| EXERCISE DIRECTIONS |
Only the text belongs in the copy: retype each record exactly as it appears.

━━━ DATA TO PROCESS

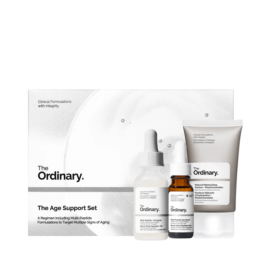 Un kit anti-edad diseñado con un suero facial, suero para ojos e hidratante enriquecidos con complejos multi-péptidos y ácido hialurónico. Este régimen mejora visiblemente la firmeza, hidratación y suavidad de la piel, reduciendo las líneas finas y mejorando la elasticidad.
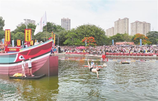 晉江安海的水上掠鴨等活動,讓游客們體驗充滿地域特色的端午民俗。張九強 攝
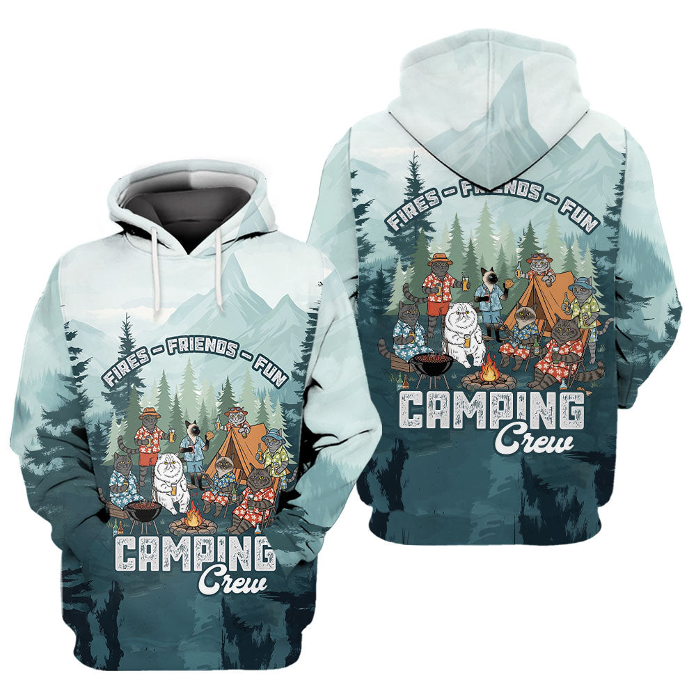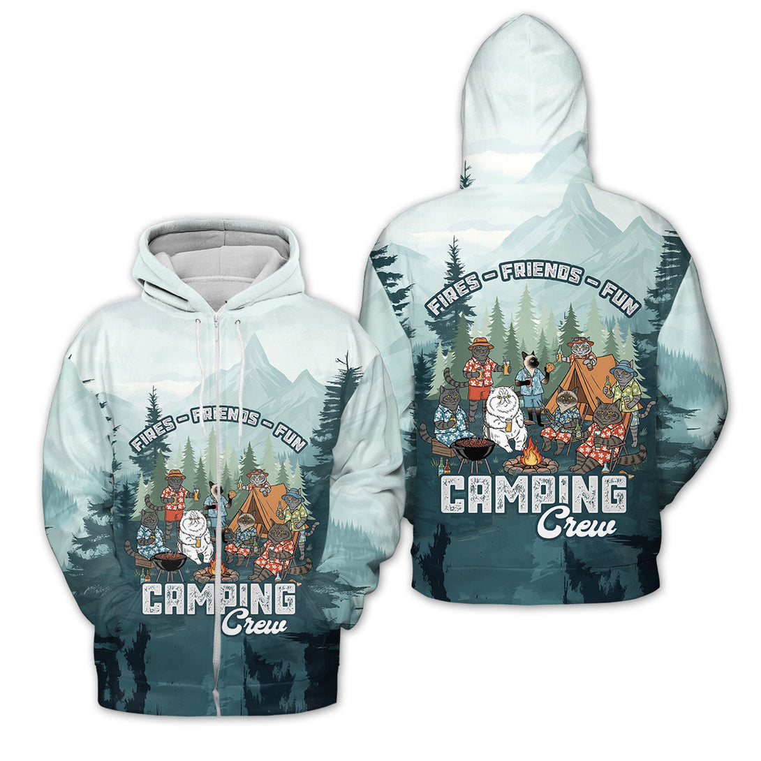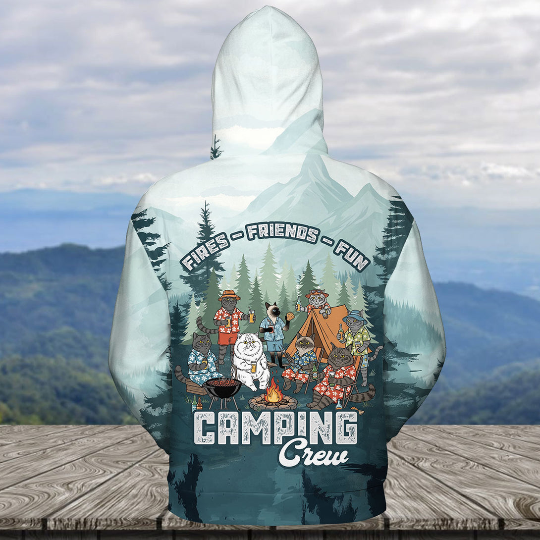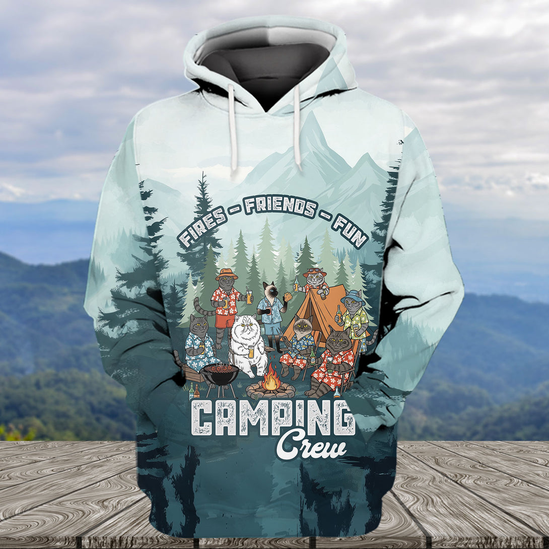 Friends, Fires, Fun Camping Crew Cats All Over Print Shirt
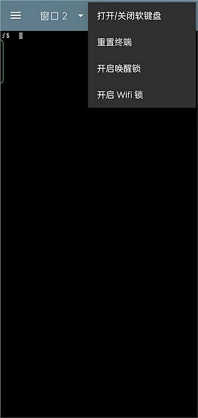 1、打开终端模拟器汉化版最新版本后的界面,在这里就可以方便的输入很多命令了。左上侧可以进行窗口的切换,点击右上的加号是新建窗口,错号是关闭当前窗口,三个点是更多选项。
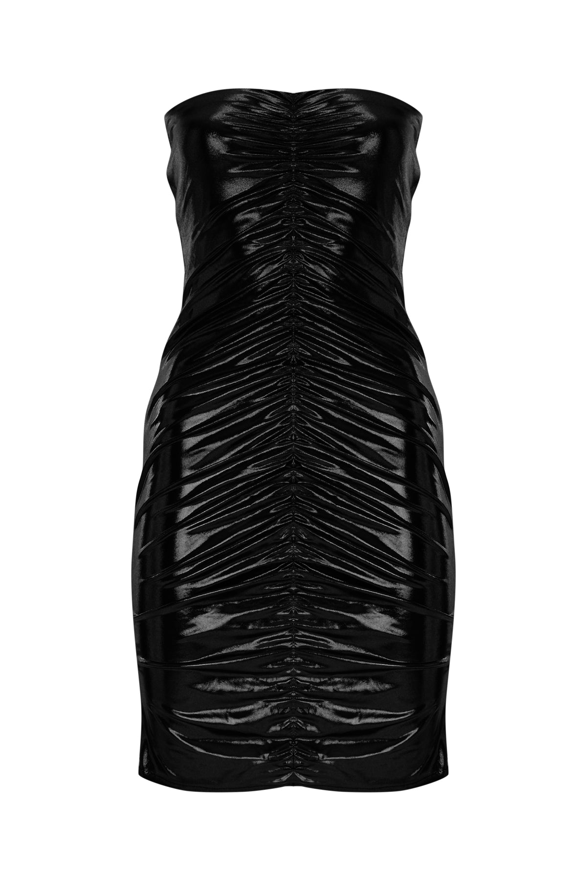 Make a statement with our radiant metallic gathered midi dress in timeless black. This dress is the embodiment of glamour, featuring a shimmery metallic finish and exquisite gathered details. Whether it's a special event, a night out, or a formal occasion, this dress is your perfect choice for making a memorable entrance.
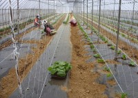 시설하우스 작두콩모종 옮겨심기

━━━━━━

| RESPONSE |
 Un kit anti-edad diseñado con un suero facial, suero para ojos e hidratante enriquecidos con complejos multi-péptidos y ácido hialurónico. Este régimen mejora visiblemente la firmeza, hidratación y suavidad de la piel, reduciendo las líneas finas y mejorando la elasticidad.
 晉江安海的水上掠鴨等活動,讓游客們體驗充滿地域特色的端午民俗。張九強 攝
 Friends, Fires, Fun Camping Crew Cats All Over Print Shirt
 1、打开终端模拟器汉化版最新版本后的界面,在这里就可以方便的输入很多命令了。左上侧可以进行窗口的切换,点击右上的加号是新建窗口,错号是关闭当前窗口,三个点是更多选项。
 Make a statement with our radiant metallic gathered midi dress in timeless black. This dress is the embodiment of glamour, featuring a shimmery metallic finish and exquisite gathered details. Whether it's a special event, a night out, or a formal occasion, this dress is your perfect choice for making a memorable entrance.
 시설하우스 작두콩모종 옮겨심기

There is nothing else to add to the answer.